Pergunta de Gabriela Cardozo Ferreira - Diretora de Inovação e Desenvolvimento da PUCRS
O que podemos fazer como sociedade para criar ambiente melhor para inovação?
Há associações como a Endeavor, de que participo, de incentivo ao empreendedorismo. Essas ações empresariais favorecem a criação de ambiente mais adequado. O novo prefeito de Porto Alegre (Nelson Marchezan) tem agenda muito positiva nesse sentido. O anterior (José Fortunati) também tinha ações especificas. Faltam ações nos governos estadual e federal.
Vemos iniciativas pontuais boas em cidades como Florianópolis. Quando alguém não faz, temos que correr atrás. Se não fazem, vou lá e faço. Estive em São Paulo outro dia, o trânsito estava trancado. Saí do carro, um Uber, resolvi um galho que estava trancando a rua. A lógica é essa. Não dá para ficar parado esperando a resolução. Dá mais trabalho não mudar.
Pergunta de Ambrósio Pesce, diretor comercial da Iesa
Do ponto de vista tecnológico, o que pode ser feito para auxiliar o Estado na área de segurança?
Estive com alguns secretários. Em Porto Alegre, os empresários estão tendo espaço para ser propositivos. Há muito a ser feito. Existe muito desperdício. O problema financeiro é consequência da nossa ineficiência de modelo de gestão, sem personalizar governo ou partido. O Brasil precisa de um enorme choque de gestão. Defendo Estado mais eficiente. O serviço público tem de estar a trabalho da sociedade. Se quisermos sociedade mais justa, precisamos de trabalho forte de eficiência e contra a corrupção.
Pergunta de Vilson Noer, presidente da AGV
Qual o impacto da tecnologia sobre o varejo?

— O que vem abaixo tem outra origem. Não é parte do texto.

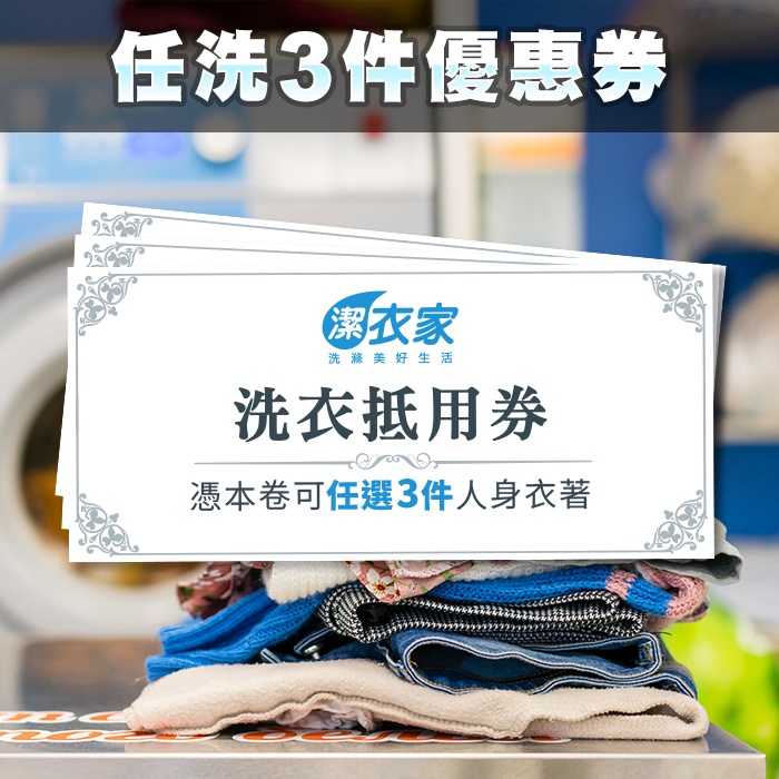 潔衣家 超商洗衣-任洗3件優惠方案券 3張優惠方案
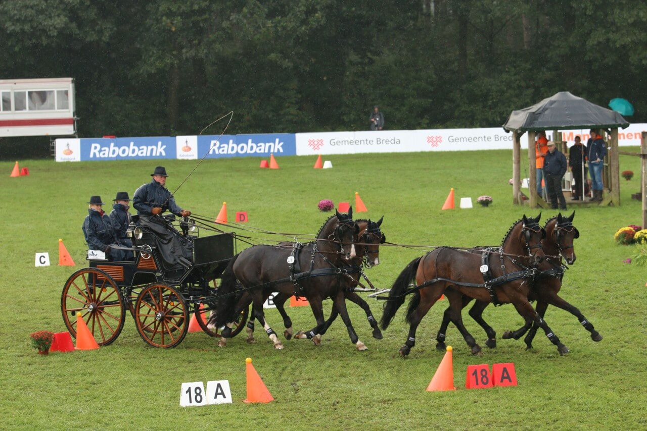 Koos de Ronde schaffte heute Vormittag die einzige fehlerfreie Runde in der erlaubten Zeit beim Hindernisfahren des CAIO Breda, der zweiten Teilprüfung des Nationenpreises der Vierspänner Pferde im Rahmen von Outdoor Brabant. De Ronde hat sich damit auf den 2. Platz in der Zwischenkombi vorgeschoben und hat nur noch den führenden IJsbrand Chardon vor sich.

O que mudou no mundo afetou não só o varejo. Atingiu todos os setores. É uma mudança comportamental. Em relação ao varejo, tenho visão otimista. Há pânico de que a automação gere desemprego. A automação vai gerar qualidade de vida. A tendência é de que as pessoas tenham mais tempo. Em países como Alemanha e Suécia, as pessoas trabalham menos, já que há produtividade. Mas isso pressupõe educação com suas respectivas mudanças. A educação evita que um populista chegue ao poder, como nos Estados Unidos. Populistas de direita ou esquerda são iguais. Só estragam os países e ganham votos.